** Provided entries follows **

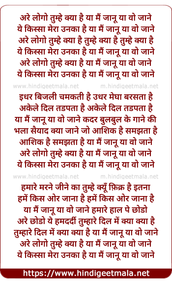 Lyrics of Are Logo Tumhe Kya Hai - अरे लोगो तुम्हे क्या है
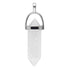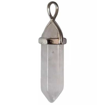 Double-terminated rock crystal point approximately 38mm x 12mm on stainless steel stand.
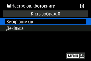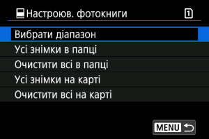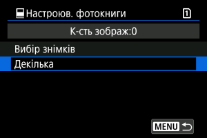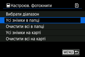 Якщо вибрати значення [Усі знімки в папці] або [Усі знімки на карті] в пункті [Декілька] меню [: Настроюв. фотокниги], для фотокниги буде вибрано всі зображення з папки або карти пам’яті.
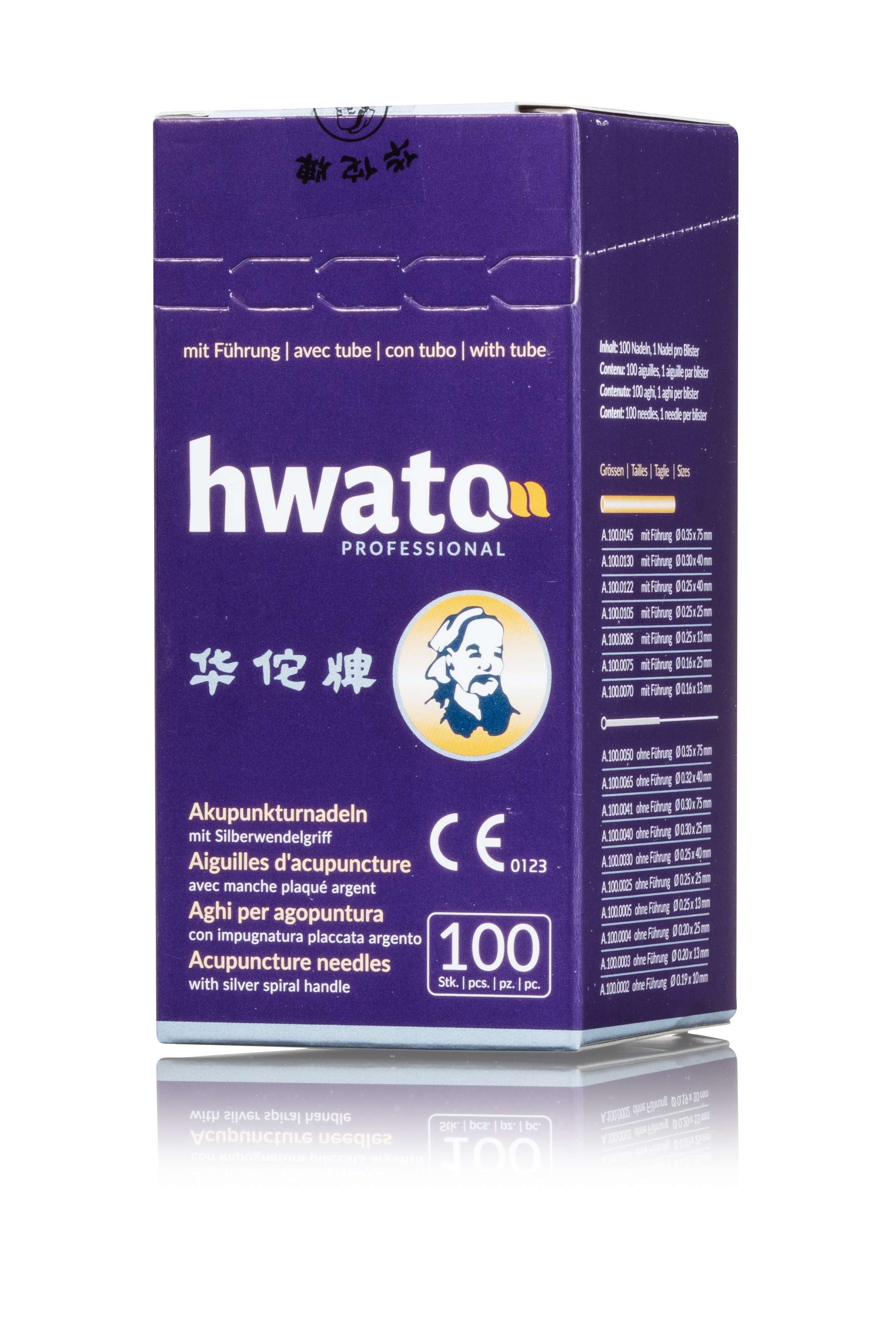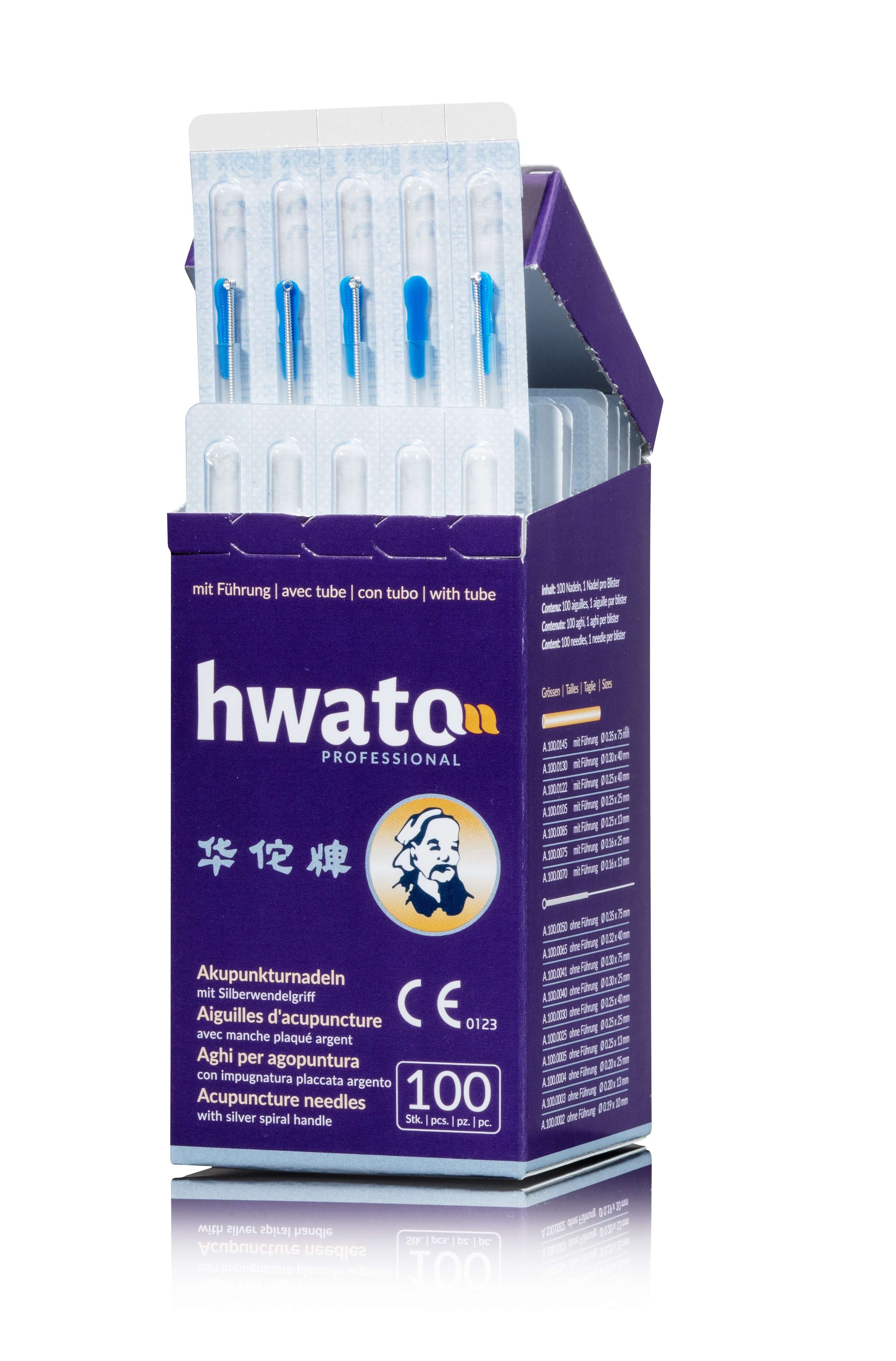 HWATO med guide, sølvbelagt spiralhåndtak, 100 nåler per eske (A.100.0070.K)
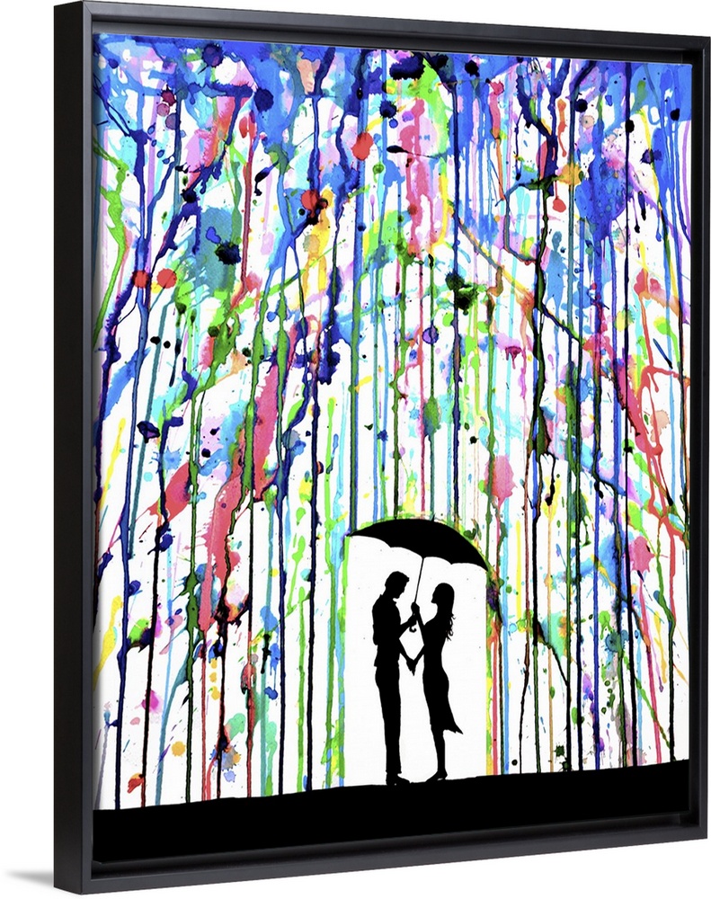 <p>Watercolor and ink painting of a silhouetted couple with an umbrella under colorful rain.</p>

** End of Provided entries **

Instructions to follow
Skip every picture and retype only the lines from the line with "Якщо вибрати значення" through the last line of the listing, both ends included, exactly as they appear.

Response
 Якщо вибрати значення [Усі знімки в папці] або [Усі знімки на карті] в пункті [Декілька] меню [: Настроюв. фотокниги], для фотокниги буде вибрано всі зображення з папки або карти пам’яті.
 HWATO med guide, sølvbelagt spiralhåndtak, 100 nåler per eske (A.100.0070.K)
 <p>Watercolor and ink painting of a silhouetted couple with an umbrella under colorful rain.</p>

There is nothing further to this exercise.